WHAT YOU SHOULD DO:
Please say how many lines below include the word "Pflanzen", with nothing beyond the number.
Top of RECORDS TO USE
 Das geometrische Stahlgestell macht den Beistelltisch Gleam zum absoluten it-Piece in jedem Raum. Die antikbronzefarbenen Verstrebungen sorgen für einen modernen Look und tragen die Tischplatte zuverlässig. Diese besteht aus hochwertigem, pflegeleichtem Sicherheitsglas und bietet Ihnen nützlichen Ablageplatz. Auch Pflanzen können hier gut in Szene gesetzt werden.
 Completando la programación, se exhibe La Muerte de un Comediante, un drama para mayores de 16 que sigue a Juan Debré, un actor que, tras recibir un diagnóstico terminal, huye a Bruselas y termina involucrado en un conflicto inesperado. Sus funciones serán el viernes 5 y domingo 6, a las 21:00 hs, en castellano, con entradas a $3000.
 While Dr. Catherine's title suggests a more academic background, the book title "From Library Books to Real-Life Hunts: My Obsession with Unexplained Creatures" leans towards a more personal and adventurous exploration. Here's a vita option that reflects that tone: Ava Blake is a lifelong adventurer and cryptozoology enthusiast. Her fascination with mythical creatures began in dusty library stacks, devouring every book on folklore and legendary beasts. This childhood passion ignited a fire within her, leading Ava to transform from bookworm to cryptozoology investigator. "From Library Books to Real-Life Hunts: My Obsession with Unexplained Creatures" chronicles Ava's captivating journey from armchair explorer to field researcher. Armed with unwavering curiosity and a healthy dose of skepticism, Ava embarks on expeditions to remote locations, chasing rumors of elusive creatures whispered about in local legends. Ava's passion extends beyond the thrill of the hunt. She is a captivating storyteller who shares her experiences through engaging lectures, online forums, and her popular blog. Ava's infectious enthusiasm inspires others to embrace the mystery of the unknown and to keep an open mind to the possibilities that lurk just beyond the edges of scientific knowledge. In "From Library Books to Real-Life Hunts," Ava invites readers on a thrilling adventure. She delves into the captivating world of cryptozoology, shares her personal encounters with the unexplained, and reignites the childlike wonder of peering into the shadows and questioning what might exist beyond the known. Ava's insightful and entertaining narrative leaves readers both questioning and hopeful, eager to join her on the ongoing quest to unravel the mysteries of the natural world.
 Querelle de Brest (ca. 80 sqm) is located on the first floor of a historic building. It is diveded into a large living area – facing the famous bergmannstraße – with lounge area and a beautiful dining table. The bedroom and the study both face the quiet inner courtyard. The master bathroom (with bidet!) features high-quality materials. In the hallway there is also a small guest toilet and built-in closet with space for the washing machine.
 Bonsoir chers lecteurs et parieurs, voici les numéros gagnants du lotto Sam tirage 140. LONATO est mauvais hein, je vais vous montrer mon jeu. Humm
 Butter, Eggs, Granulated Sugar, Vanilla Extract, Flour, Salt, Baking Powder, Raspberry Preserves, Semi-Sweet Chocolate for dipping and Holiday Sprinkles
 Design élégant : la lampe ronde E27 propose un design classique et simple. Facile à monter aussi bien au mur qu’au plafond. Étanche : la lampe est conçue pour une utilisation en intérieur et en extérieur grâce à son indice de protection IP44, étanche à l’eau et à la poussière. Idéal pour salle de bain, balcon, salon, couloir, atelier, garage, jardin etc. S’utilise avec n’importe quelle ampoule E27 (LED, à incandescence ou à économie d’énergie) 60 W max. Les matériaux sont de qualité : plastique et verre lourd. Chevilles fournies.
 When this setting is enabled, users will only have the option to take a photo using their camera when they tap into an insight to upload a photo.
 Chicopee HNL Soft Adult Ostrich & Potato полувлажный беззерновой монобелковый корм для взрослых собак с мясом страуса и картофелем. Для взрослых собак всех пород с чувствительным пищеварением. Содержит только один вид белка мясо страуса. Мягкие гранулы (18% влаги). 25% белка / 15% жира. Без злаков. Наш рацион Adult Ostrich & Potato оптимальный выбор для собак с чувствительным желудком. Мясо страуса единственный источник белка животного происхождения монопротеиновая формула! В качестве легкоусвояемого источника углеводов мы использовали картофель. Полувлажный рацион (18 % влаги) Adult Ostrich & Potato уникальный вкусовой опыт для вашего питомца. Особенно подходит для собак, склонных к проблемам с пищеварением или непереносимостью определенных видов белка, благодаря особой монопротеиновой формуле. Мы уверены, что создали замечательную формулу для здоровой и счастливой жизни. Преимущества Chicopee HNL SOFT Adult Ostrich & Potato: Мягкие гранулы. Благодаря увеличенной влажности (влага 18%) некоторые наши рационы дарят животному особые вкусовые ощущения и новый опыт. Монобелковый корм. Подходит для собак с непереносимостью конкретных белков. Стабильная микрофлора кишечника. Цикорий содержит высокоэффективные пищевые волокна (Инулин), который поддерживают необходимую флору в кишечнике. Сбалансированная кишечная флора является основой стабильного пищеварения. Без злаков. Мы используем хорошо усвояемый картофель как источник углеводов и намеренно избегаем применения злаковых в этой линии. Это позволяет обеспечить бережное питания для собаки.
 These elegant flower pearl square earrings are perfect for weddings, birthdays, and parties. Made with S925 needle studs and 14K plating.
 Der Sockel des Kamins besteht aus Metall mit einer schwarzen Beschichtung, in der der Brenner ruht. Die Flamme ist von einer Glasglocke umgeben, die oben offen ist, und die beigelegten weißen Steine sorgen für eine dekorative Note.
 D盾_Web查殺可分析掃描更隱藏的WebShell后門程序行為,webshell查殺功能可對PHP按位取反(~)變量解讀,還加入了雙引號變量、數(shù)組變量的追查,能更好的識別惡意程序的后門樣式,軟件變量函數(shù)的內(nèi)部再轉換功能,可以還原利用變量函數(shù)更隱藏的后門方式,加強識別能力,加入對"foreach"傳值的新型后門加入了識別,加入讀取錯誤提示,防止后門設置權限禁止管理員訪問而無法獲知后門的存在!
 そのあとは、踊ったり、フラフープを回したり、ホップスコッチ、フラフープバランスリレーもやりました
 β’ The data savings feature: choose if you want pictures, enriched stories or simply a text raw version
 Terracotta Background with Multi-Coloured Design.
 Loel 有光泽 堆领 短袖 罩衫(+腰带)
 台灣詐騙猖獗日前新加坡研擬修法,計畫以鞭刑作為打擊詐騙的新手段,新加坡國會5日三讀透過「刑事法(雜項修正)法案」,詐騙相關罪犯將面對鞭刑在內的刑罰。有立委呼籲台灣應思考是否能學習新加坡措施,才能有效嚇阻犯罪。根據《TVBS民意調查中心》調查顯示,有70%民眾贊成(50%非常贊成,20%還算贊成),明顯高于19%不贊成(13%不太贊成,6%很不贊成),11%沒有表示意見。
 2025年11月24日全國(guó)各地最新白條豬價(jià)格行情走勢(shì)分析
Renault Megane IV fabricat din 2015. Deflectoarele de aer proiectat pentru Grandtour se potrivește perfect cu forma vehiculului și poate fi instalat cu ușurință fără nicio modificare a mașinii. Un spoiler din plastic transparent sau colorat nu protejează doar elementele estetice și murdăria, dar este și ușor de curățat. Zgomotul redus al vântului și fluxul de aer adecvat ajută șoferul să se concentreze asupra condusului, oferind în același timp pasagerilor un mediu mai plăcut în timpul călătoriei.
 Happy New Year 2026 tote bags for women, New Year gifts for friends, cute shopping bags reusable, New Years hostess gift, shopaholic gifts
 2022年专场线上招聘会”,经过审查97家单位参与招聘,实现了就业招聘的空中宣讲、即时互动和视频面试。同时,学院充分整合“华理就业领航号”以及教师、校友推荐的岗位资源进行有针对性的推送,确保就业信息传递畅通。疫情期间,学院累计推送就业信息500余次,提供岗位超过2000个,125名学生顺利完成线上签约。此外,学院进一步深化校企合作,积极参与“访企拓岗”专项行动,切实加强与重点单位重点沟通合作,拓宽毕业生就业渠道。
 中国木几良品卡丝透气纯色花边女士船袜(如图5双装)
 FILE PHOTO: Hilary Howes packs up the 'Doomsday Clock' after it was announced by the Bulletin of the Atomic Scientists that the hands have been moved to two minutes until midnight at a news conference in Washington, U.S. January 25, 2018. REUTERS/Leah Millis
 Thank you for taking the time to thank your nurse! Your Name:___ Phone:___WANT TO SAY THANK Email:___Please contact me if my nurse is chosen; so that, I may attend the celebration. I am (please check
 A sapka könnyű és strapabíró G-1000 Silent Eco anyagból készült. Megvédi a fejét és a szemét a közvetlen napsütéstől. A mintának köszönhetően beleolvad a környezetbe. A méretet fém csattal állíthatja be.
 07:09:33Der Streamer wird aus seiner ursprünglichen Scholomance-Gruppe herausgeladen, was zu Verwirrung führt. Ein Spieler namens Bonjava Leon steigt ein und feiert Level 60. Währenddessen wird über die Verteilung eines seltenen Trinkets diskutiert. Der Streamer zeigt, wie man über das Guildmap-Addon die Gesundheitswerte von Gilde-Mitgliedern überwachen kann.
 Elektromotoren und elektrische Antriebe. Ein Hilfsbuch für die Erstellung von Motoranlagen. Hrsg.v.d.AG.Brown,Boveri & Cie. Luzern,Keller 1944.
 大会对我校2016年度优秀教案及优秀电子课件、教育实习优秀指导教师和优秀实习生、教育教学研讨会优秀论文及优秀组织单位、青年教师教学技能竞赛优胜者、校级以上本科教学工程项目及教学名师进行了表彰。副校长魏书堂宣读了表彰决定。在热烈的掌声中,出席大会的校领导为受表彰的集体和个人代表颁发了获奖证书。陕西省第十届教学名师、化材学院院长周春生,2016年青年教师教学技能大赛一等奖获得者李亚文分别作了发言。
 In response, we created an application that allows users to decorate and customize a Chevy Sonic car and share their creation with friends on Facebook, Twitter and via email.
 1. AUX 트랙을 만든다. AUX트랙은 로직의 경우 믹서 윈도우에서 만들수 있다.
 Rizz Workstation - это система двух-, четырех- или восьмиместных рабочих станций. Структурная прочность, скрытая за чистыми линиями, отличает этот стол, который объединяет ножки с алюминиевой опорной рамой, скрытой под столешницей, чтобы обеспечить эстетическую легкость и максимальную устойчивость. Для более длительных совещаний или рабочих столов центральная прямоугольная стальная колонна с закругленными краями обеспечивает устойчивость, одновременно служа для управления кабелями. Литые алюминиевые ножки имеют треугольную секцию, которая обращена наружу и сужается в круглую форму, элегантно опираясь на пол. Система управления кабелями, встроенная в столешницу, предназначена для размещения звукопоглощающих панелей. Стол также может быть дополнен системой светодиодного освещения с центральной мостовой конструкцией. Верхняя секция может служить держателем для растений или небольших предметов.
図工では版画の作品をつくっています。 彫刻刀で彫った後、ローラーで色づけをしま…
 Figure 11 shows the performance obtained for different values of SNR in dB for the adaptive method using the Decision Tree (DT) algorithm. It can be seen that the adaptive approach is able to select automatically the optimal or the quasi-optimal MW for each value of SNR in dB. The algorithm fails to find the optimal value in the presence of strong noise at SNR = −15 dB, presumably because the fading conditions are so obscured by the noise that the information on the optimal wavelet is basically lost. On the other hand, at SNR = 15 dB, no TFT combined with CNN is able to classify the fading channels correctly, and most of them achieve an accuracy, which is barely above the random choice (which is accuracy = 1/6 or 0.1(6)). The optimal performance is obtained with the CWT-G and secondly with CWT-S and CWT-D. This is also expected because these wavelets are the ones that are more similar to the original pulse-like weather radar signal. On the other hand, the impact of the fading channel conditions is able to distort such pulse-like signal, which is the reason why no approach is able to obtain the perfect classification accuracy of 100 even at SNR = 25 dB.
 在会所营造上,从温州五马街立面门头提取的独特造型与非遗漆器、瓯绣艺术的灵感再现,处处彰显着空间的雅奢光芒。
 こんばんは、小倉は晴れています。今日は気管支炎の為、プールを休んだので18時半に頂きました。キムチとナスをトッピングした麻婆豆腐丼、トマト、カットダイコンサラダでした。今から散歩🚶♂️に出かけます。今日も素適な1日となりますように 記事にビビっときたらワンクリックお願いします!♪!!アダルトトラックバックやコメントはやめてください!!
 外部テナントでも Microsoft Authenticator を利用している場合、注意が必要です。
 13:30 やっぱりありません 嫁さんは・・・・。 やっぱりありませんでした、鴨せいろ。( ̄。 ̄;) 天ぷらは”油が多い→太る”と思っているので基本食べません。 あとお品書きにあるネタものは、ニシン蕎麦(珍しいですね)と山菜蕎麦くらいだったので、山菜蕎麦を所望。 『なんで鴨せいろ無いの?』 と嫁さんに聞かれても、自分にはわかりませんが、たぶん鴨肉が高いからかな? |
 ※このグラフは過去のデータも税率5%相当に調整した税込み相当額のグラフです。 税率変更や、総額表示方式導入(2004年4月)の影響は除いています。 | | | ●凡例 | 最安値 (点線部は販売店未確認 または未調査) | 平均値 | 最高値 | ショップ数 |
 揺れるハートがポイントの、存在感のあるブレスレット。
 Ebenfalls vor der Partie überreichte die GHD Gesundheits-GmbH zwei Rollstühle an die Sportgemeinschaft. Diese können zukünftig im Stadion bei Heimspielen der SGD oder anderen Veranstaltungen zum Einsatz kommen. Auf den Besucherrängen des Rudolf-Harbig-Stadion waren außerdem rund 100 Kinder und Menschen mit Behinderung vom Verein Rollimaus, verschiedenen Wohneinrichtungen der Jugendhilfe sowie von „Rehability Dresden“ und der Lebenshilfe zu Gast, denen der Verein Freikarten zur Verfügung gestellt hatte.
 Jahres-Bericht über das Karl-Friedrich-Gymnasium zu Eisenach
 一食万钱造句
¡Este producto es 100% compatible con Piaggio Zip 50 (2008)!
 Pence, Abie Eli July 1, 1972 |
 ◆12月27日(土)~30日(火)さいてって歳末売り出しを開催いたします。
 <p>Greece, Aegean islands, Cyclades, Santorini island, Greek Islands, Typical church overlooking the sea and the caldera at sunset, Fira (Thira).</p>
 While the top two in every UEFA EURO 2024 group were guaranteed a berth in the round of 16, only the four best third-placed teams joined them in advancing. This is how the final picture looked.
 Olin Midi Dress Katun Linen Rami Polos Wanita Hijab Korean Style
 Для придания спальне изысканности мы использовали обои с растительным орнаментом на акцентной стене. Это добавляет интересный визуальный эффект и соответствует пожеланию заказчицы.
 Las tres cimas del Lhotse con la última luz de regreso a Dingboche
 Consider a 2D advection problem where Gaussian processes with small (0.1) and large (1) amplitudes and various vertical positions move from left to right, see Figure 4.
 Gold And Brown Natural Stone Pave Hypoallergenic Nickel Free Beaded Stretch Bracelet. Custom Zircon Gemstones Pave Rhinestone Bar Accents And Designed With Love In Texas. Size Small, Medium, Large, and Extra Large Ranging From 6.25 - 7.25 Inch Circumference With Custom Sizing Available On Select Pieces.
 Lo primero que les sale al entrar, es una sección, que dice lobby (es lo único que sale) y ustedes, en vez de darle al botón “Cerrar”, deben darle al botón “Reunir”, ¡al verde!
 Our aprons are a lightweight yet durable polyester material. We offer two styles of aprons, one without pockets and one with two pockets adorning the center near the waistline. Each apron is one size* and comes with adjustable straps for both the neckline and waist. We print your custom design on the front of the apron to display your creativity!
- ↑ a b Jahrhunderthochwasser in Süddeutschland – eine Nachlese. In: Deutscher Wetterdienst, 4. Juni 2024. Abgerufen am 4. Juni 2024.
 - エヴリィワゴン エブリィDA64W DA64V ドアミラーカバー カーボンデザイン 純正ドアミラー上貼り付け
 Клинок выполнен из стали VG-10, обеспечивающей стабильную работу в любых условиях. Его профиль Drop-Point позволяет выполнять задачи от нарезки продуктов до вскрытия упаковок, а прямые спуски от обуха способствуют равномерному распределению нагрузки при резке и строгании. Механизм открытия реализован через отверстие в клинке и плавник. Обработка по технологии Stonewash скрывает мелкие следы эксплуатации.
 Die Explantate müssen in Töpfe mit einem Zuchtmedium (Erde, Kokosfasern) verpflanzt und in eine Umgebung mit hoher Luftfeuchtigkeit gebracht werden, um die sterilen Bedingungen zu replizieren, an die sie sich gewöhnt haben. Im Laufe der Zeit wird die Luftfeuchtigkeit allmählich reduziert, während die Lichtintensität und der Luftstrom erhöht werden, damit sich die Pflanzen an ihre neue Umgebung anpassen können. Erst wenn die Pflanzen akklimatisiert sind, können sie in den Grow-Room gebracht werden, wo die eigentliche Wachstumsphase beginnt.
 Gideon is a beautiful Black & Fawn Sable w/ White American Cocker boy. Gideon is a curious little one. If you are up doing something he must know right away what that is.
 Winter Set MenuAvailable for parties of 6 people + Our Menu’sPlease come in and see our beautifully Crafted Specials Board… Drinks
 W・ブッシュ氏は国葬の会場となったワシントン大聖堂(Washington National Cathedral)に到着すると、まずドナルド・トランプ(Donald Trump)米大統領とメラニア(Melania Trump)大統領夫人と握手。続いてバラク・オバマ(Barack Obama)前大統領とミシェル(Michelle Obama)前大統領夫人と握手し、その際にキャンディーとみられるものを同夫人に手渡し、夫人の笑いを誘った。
Bottom of RECORDS TO USE
WRITTEN SOLUTION:
2